BEGIN

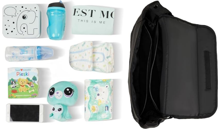
SAC SPACIEUX POUR LES PARENTS
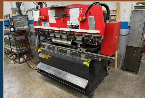
1997 AMADA 50
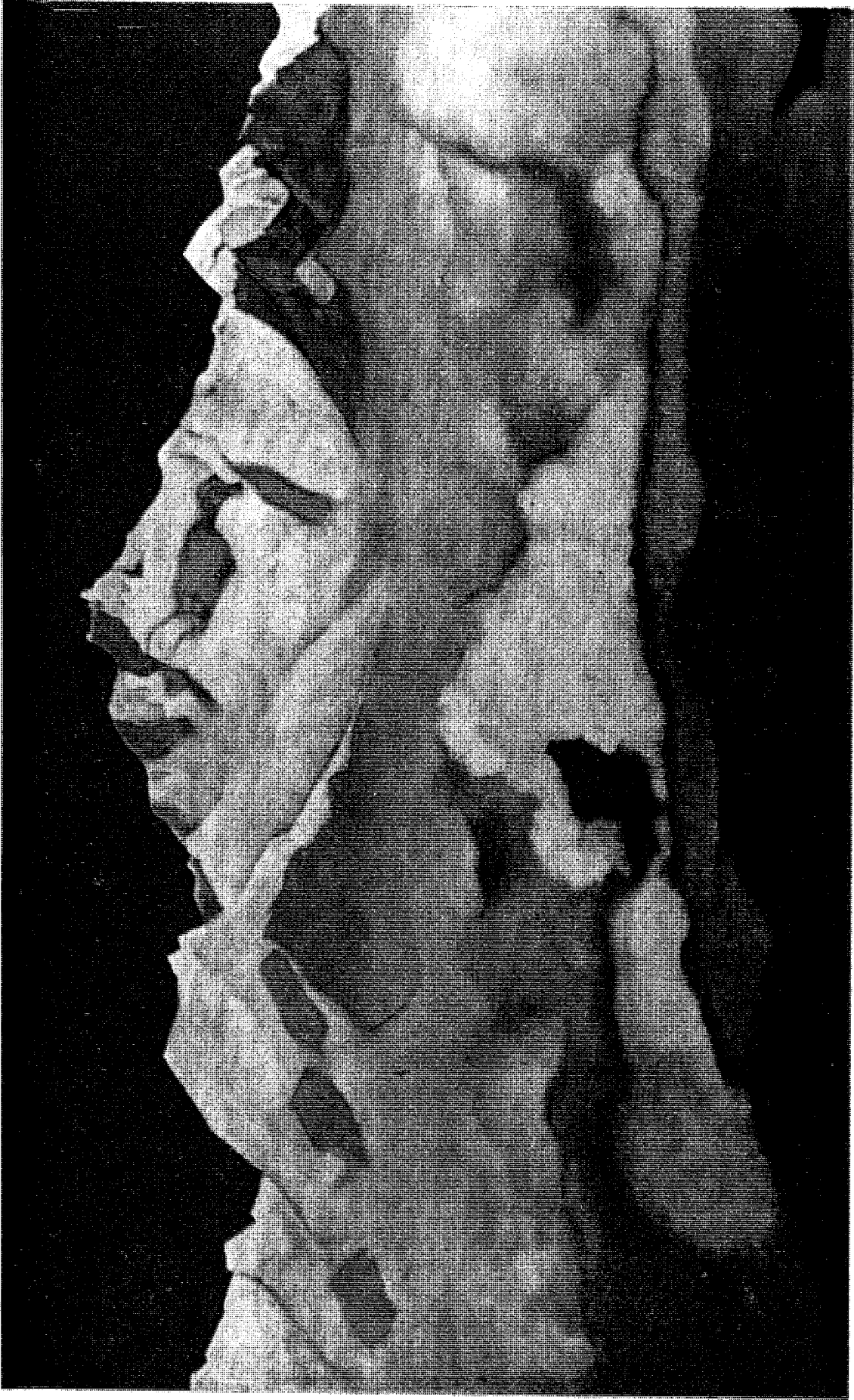
From a painting by Nicholas Roerich
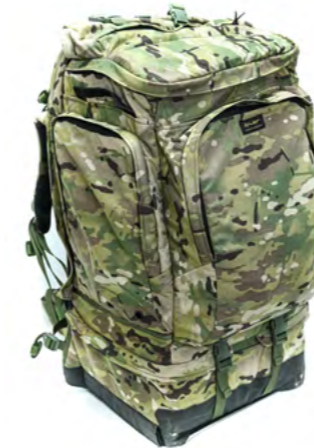
Unique Filtration System Carrier
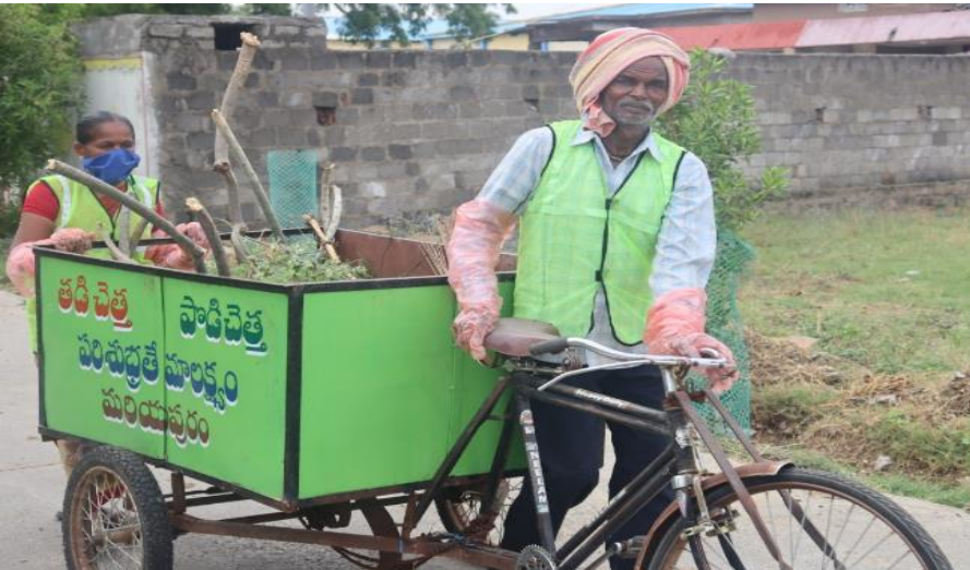
Processing @ segregation shed
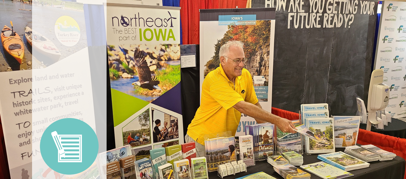
2021 Iowa State Fair - Des Moines, Iowa
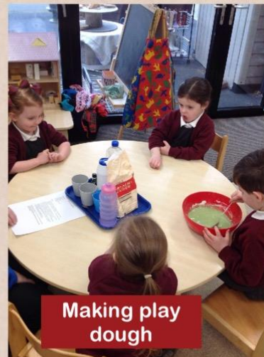
Making play dough
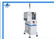
PCB cleaning machine
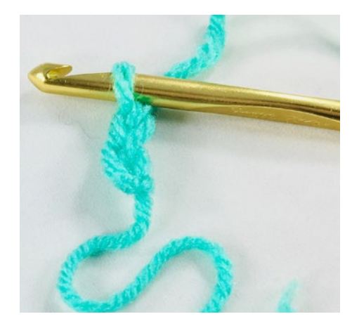
Row 1: Single crochet (sc) in second chain (ch) from hook.
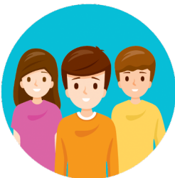
Avoid many people
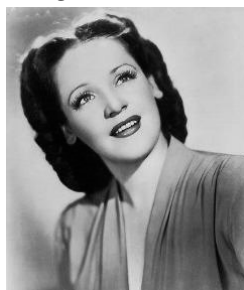
Soprano Eleanor Steber
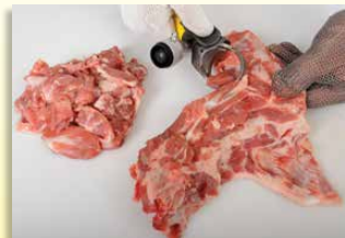
Pork Neck Bone Trimming Higher yields ... higher profits
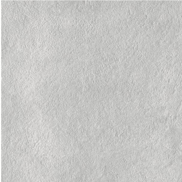
Concrete Project White natural
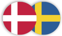
Denmark / Sweden
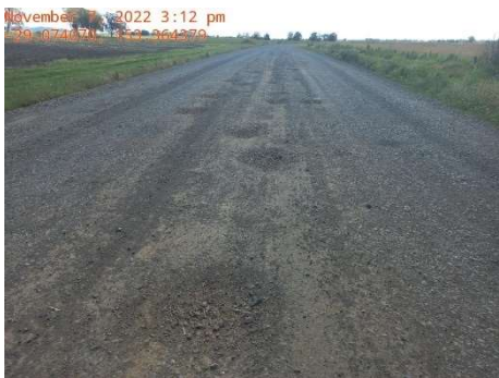
Sheehan Road before works
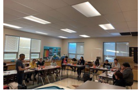
Twelve (12) staff and four (4) HS students take First Aid Course.
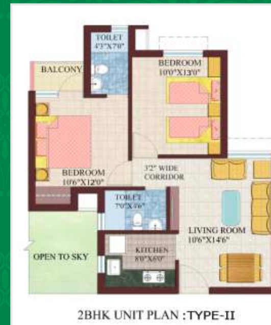
2 BHK Unit Plan
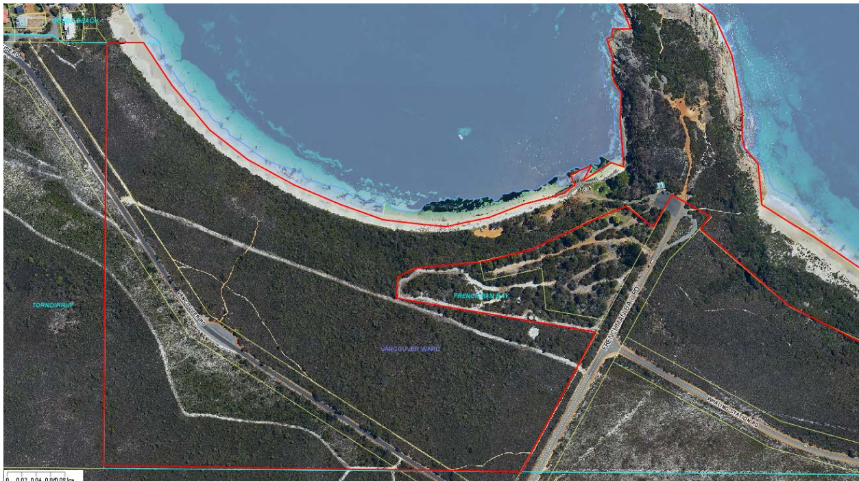
Reserve 21337 – off Vancouver Road, Goode Beach
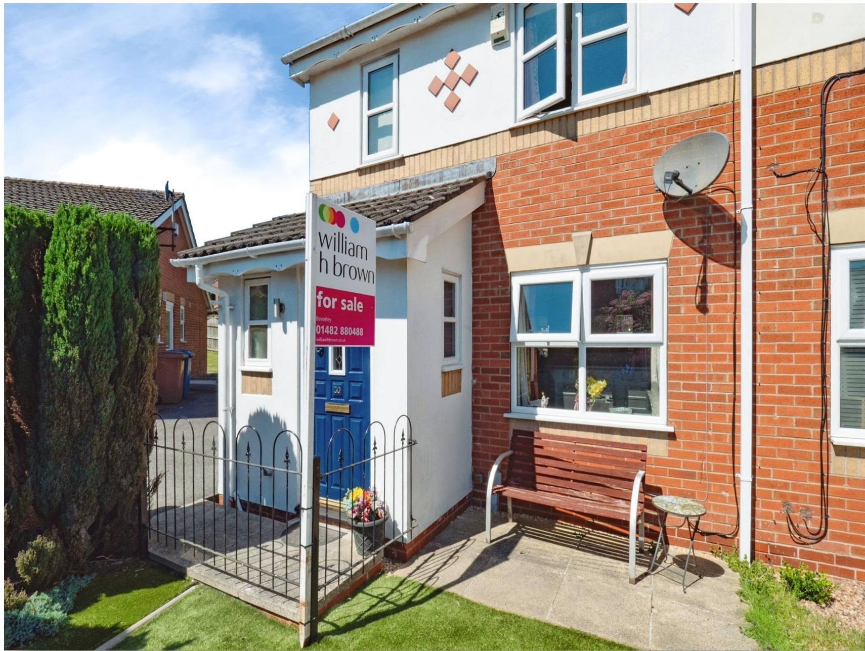
Bramble Hill, Beverley, HU17 8UZ
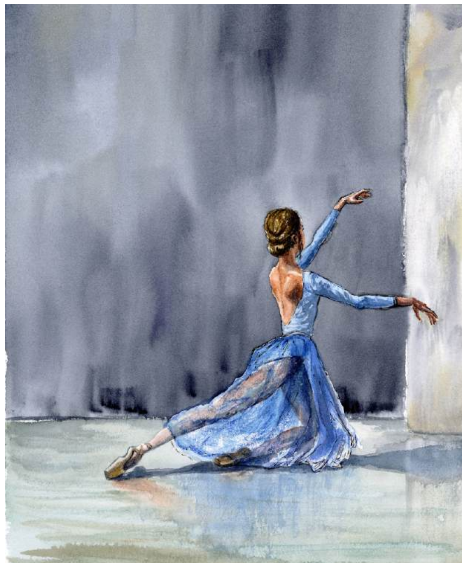
'Ballerina in a blue dress', 2022 24x32 cm (watercolor on paper)
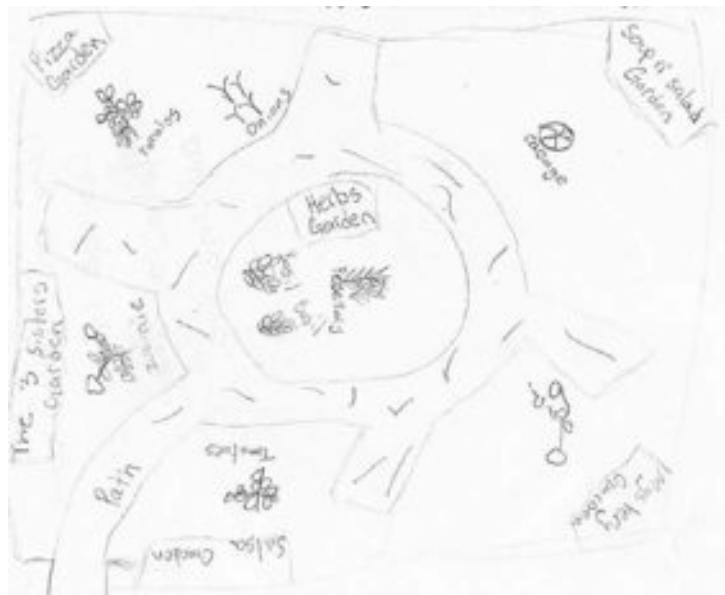
K-Club Garden Map By Ciara Carter (5 th grade)

In K-Club I learned about many things that can harm plants and also things that are helpful for the environment. The harmful things are about certain types

END

### What is required
Everything in the listing must be copied exactly except the pictures.

### Response to this task
SAC SPACIEUX POUR LES PARENTS
1997 AMADA 50
From a painting by Nicholas Roerich
Unique Filtration System Carrier
Processing @ segregation shed
2021 Iowa State Fair - Des Moines, Iowa
Making play dough
PCB cleaning machine
Row 1: Single crochet (sc) in second chain (ch) from hook.
Avoid many people
Soprano Eleanor Steber
Pork Neck Bone Trimming Higher yields ... higher profits
Concrete Project White natural
Denmark / Sweden
Sheehan Road before works
Twelve (12) staff and four (4) HS students take First Aid Course.
2 BHK Unit Plan
Reserve 21337 – off Vancouver Road, Goode Beach
Bramble Hill, Beverley, HU17 8UZ
'Ballerina in a blue dress', 2022 24x32 cm (watercolor on paper)
K-Club Garden Map By Ciara Carter (5 th grade)

In K-Club I learned about many things that can harm plants and also things that are helpful for the environment. The harmful things are about certain types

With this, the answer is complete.